* _Exercise directions_: Emit a verbatim copy of the lines below from the line with "With the vertical" through the line with "Kilometarski redovi vozila", excluding pictures and everything outside that range.

* _Listed records_:
--- START ---

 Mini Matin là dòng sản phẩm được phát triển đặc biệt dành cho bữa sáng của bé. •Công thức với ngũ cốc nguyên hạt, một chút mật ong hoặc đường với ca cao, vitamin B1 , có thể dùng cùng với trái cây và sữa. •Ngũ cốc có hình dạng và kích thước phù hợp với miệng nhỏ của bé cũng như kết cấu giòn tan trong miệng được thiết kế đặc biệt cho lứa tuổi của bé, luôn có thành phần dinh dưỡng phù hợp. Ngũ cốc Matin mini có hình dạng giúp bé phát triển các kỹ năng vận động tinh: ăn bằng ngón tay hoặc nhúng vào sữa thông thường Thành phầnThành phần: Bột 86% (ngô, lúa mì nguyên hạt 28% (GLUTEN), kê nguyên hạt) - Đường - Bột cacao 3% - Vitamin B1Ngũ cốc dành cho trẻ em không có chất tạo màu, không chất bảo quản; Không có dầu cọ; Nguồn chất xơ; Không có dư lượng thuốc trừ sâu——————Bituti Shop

--- END ---
--- START ---

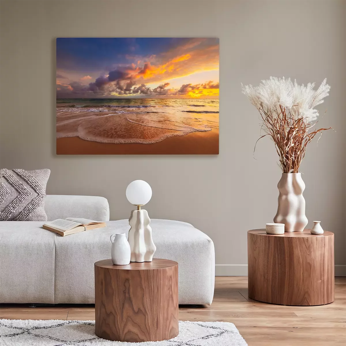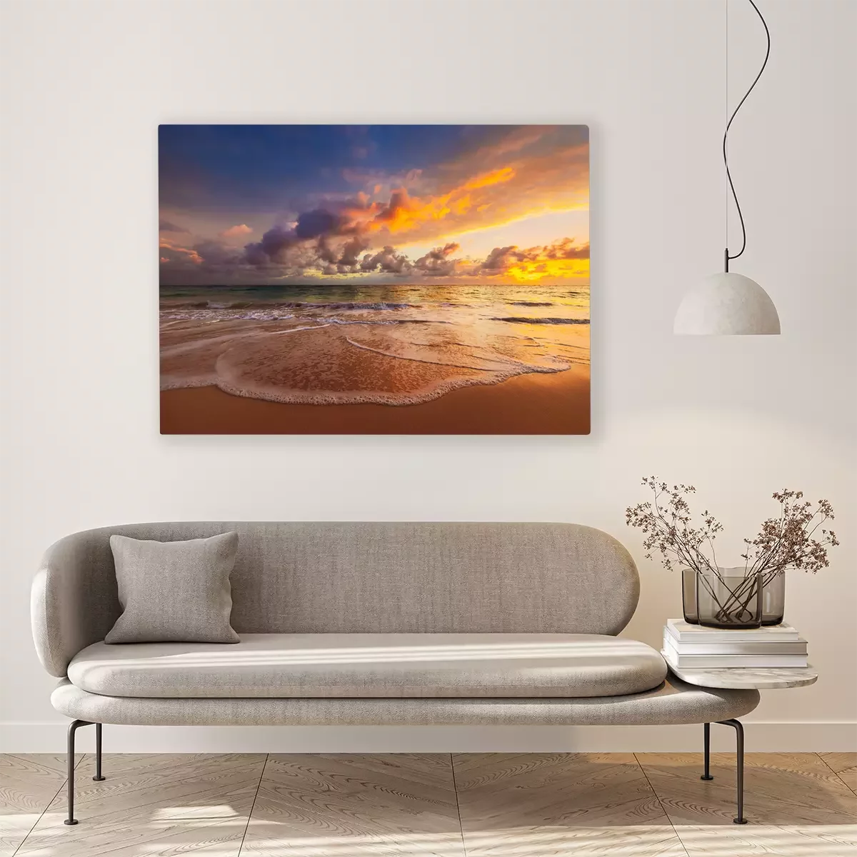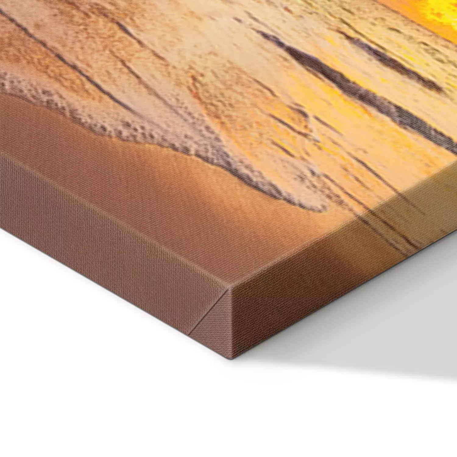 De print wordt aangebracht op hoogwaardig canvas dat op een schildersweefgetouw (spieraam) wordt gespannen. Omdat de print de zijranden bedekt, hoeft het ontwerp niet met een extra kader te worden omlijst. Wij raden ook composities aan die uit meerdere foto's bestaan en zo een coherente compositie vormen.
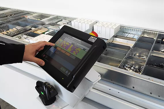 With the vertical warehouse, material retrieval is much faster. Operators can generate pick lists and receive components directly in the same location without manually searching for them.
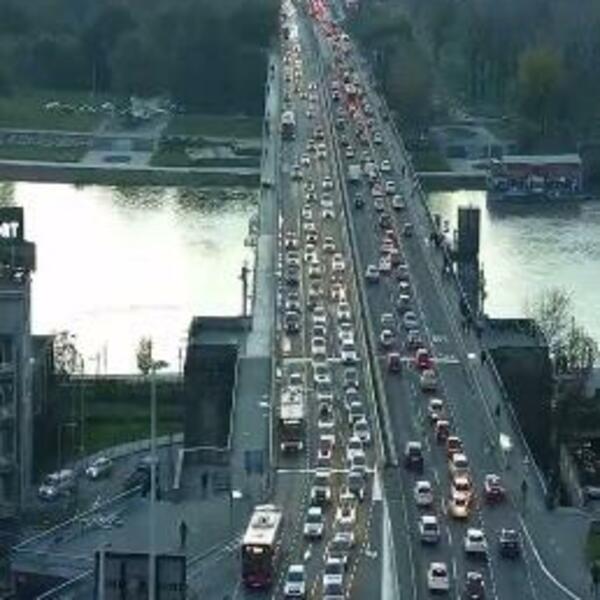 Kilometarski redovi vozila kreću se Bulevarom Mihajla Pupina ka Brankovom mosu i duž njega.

--- END ---
--- START ---

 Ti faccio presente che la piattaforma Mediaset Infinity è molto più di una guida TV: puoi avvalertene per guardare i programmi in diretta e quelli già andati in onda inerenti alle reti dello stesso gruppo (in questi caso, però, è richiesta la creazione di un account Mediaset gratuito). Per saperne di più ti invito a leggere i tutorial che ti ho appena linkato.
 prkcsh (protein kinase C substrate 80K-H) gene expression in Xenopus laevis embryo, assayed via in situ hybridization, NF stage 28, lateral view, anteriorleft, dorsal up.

--- END ---

* _Solution to this problem_:
 With the vertical warehouse, material retrieval is much faster. Operators can generate pick lists and receive components directly in the same location without manually searching for them.
 Kilometarski redovi vozila kreću se Bulevarom Mihajla Pupina ka Brankovom mosu i duž njega.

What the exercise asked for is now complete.